Some things just creep up on you and it really is hard to believe that the Mountain Goats have been going, in one form or another, since 1991. The band started out as John Darnielle’s solo project but have grown and expanded over the years while managing to produce a whopping 15 studio albums and a whole heap of singles, collaborations and Ep’s. Undoubtedly one of America’s finest indie outfits, tonight’s sold out Brudenell show is a testament to all that hard work and the fan-base they’ve built over the years.  
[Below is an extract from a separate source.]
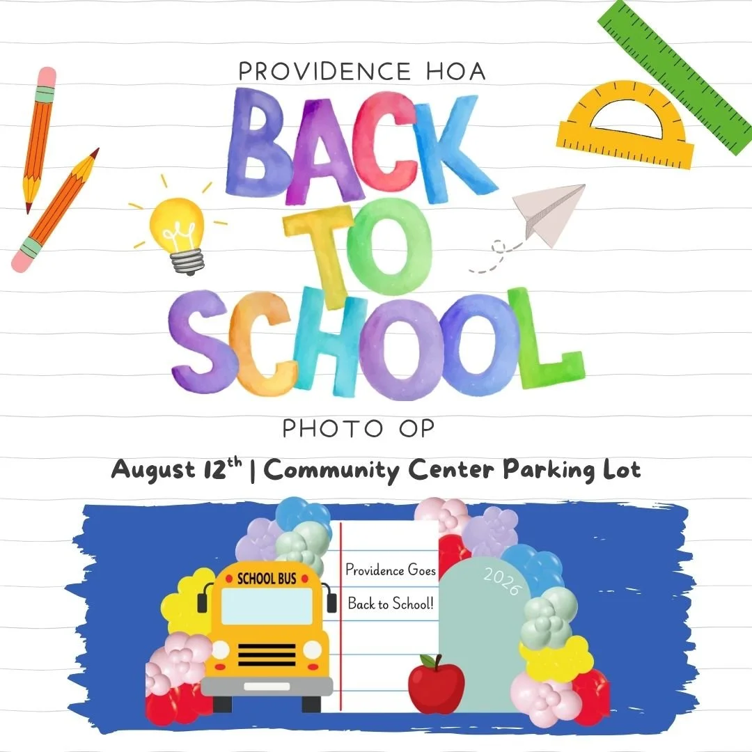 Stop by our Back‑to‑School Photo Op and snap a picture your family will love before the first bell rings! We’ll have a festive photo backdrop set up outside the Community Center parking lot at 9400 Waterman Drive, conveniently located across from Monaco Elementary School - perfect for capturing that classic first‑day‑of‑school moment.

Before the band take to the stage we hear the chimes of a ringside bell, followed by some typically excitable American commentator bestowing the virtues of Rick Flair. Stood next to me there appears to be a couple in brightly coloured wrestling outfits, the guy proudly sporting a full Mexican style mask. All of this would seem rather bizarre if it wasn’t for the Mountain Goats most recent album, Beat the Champ.
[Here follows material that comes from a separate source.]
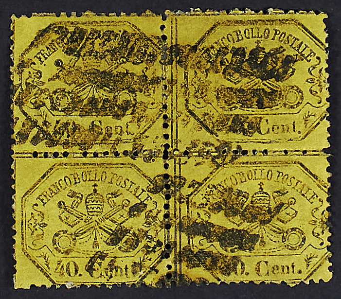 1868 - 40 c. giallo limone blocco di quattro usato - Due blocchi noti - Uniti tre esemplari sciolti nuovi in varie gradazioni di colore e uno usato su piccolo frammento - Cert. Diena

Darnielle’s latest batch of songs has centred around the world of professional wrestling, drawing out universal themes of hardship and struggle through the songs narratives while also managing to make me care about something I haven’t really thought about since I was 13. With his sense of humour very much to the fore, Darnielle introduces these particular songs by filling us in on some wrestling terminology, telling us about ‘heels’ and ‘faces’, ‘foreign objects’ and 'royal rumbles’. The songs themselves are fantastic too; triumphant, inspired and impressively fresh for a band in their 24th year.

Darnielle is a conduit of energy and enthusiasm as he throws his head back, grins and routinely bounces from one side of the stage to the other. The songs are, at varying points, accompanied by sax, clarinet and piano; the band sounding fuller and more confident than ever. ‘Cry for Judas’ crackles with an irrepressible positivity as Darnielle delivers his trademark witty, defiant, often dark but always intelligent lyrics (“mistreat your altar boys long enough and this is what you get”). It’s been a long time since I’ve been to a show where so many people are singing along at the top of their voices and within the reasonably intimate surroundings of the Brudenell it’s an undeniably powerful experience.

Half way through Darnielle delivers a short but emotionally charged solo, acoustic set. One song is dedicated to a former teacher who took Darnielle under her wing when living at home was no longer possible, she passed away the night before and tonight’s tribute is incredibly touching. Darnielle also plays ‘Soft Targets’, explaining that this was when people, not buildings, were targeted. Only a few days later the memories of this song take on an even greater significance.  

The full band returns for the second half of the set and a rousing encore. Darnielle chats to the audience, singing the Brudenell’s praises and advising everyone to go and see 80s goth types Theatre of Hate before launching into a defiantly victorious, ‘This Year’ (the whole crowd singing along with the band, “I am gonna make it through this year if it kills me”).  As if things couldn’t get any better the band play their divorce ballad, ‘No Children’ and as a full room of people join in to sing the strangely uplifting tale of a couple in romantic turmoil (“I hope you die/I hope we both die”) I realise that this has easily been one of the best gigs of the year.